In the data below, find the line with "한편 광주노회(노회장:김진택 목사)는" and the line with "추천 무료 Sample", then restate both and every line between them exactly, minus the pictures.

[SOURCE RECORDS]

----------

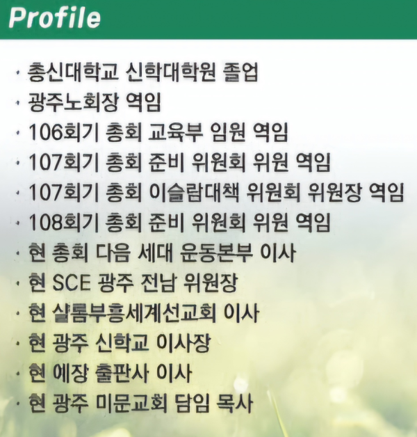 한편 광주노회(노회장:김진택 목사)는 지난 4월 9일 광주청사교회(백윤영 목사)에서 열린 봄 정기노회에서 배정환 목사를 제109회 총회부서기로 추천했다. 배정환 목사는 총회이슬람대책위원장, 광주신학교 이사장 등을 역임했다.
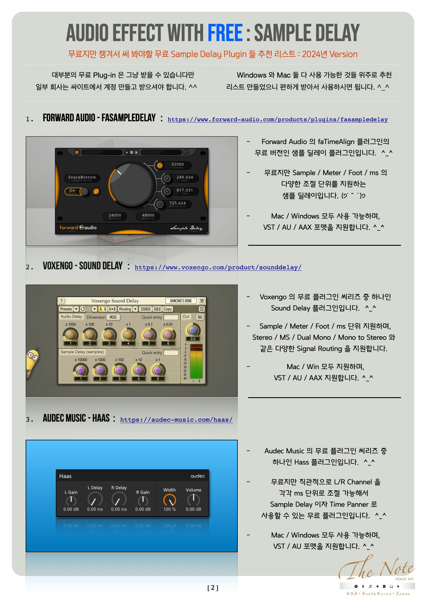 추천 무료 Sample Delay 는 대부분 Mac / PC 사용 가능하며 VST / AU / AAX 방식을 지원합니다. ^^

----------

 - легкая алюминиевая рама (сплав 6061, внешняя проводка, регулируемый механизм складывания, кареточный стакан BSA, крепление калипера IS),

----------

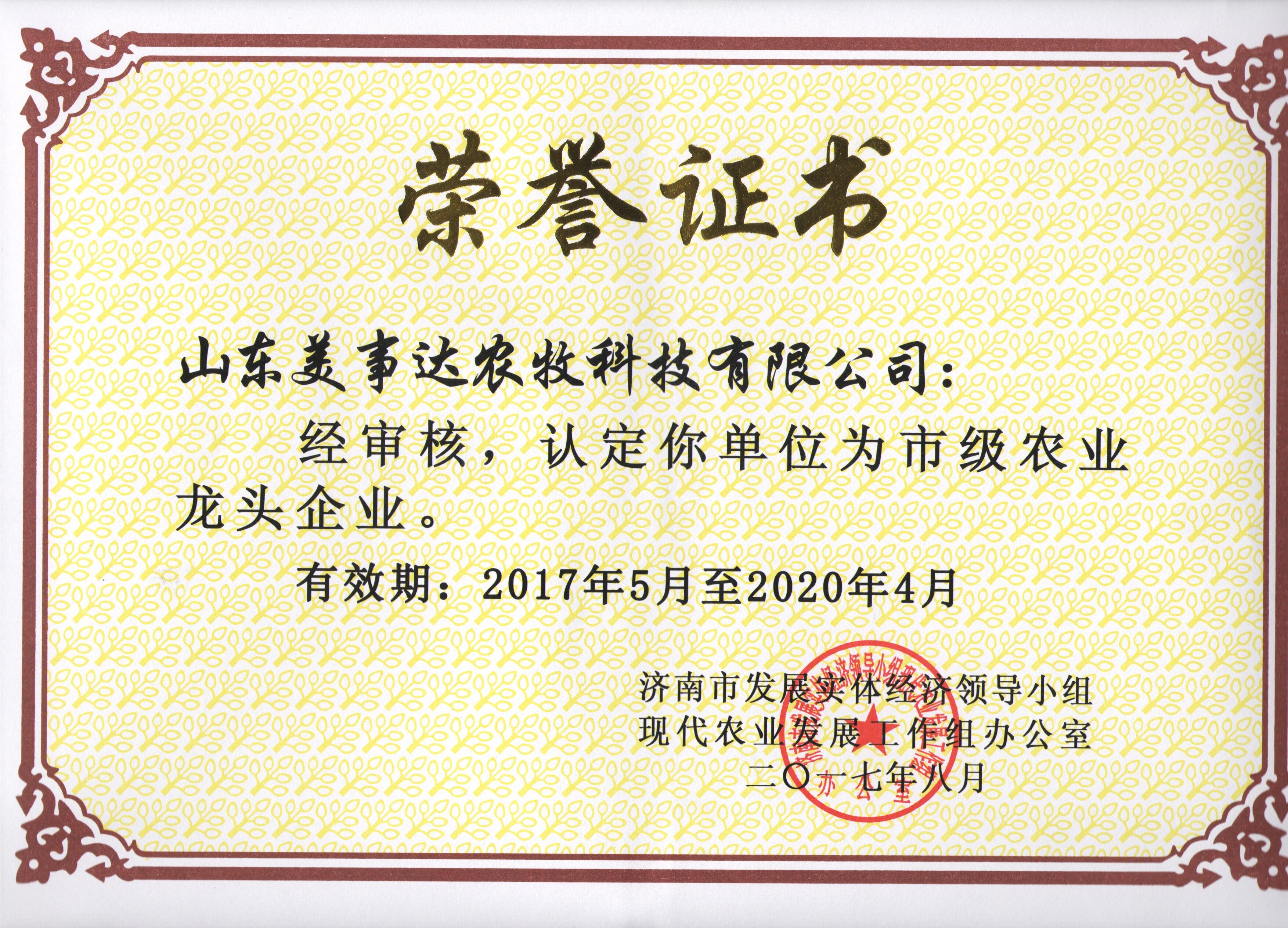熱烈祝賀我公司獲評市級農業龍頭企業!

----------

[RESPONSE AREA]
 한편 광주노회(노회장:김진택 목사)는 지난 4월 9일 광주청사교회(백윤영 목사)에서 열린 봄 정기노회에서 배정환 목사를 제109회 총회부서기로 추천했다. 배정환 목사는 총회이슬람대책위원장, 광주신학교 이사장 등을 역임했다.
 추천 무료 Sample Delay 는 대부분 Mac / PC 사용 가능하며 VST / AU / AAX 방식을 지원합니다. ^^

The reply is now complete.